MBZ pivots from war footing to Arab coordination as Hormuz reopens
The Gulf's most hawkish leader flies to Cairo to welcome the US-Iran deal and the strait's reopening — after demanding hard terms on Iran's missiles and nuclear program
Summary
Mohammed Bin Zayed flew to Cairo on 15 June to meet President El-Sisi, where the two welcomed the agreement to end the war with Iran and reopen the Strait of Hormuz, stressing continued Arab coordination — on the eve of Sisi's G7-sidelines meeting with Trump. The MoU, formalised by Trump and Iran's Pezeshkian on 17-18 June, mandates a full Hormuz reopening without Iranian tolls for at least 60 days. Before the deal, the United Arab Emirates had pushed hard terms: ADNOC chief Sultan Al Jaber said Hormuz "needs to be open unconditionally," and Abu Dhabi demanded a plan for Iran's ballistic missiles and nuclear program. A US official called MBZ the Gulf's "hawkish" leader who backed the deal after Trump canvassed Arab and Muslim leaders. By 19 June, tankers were crossing the strait again at roughly 20 a day.
By the numbers
- 15 June 2026 — MBZ-Sisi meeting in Cairo, before the G7.
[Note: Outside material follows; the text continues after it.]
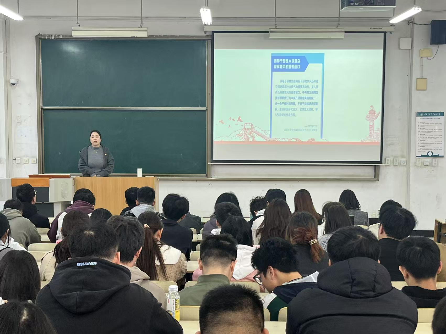 会议第二环节聚焦中央八项规定精神的再学习、再落实。组织委员张庆莹老师带领大家重温中央八项规定具体要求,强化员工党员的纪律意识和底线思维。张庆莹老师指出:“员工党员虽未身处权力岗位,但作风建设须从细微处抓起。要坚决抵制学术不端、铺张浪费等不良风气,在评优评先、员工工作中坚持公平公正,以清廉作风树立榜样。”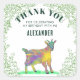 Colorful Watercolor lindo bebé cabra gracias a los bolsos de favores con follaje y vegetación, ideal para un fiesta de cumpleaños de niños, sobre todo celebraciones con temas de granja. Las palabras ‘Gracias por celebrar mi cumpleaños conmigo’ con el nombre de un niño personalizado. Tipografía moderna y divertida de color que es fácil de personalizar usando la plantilla. Pintura original de la artista Catherine Sweetman

- 60 — minimum days the MoU keeps Hormuz open without Iranian tolls.
- ~20/day — tankers crossing Hormuz again by 19 June, including Saudi and UAE VLCCs.
Why it matters
The pivot caps a war in which the UAE moved from hawkish demands — and, by one report, a direct strike on Iran — to underwriting the ceasefire and the shipping recovery its economy depends on. Aligning with Cairo and the broader Arab bloc lets Mohammed Bin Zayed shape the post-war order rather than be exposed by it.
What to watch
- Whether Hormuz traffic and insurance rates fully normalise.
- How the UAE manages relations with Tehran given the strike report.
- Abu Dhabi's role in any monitoring of the Iran deal's implementation.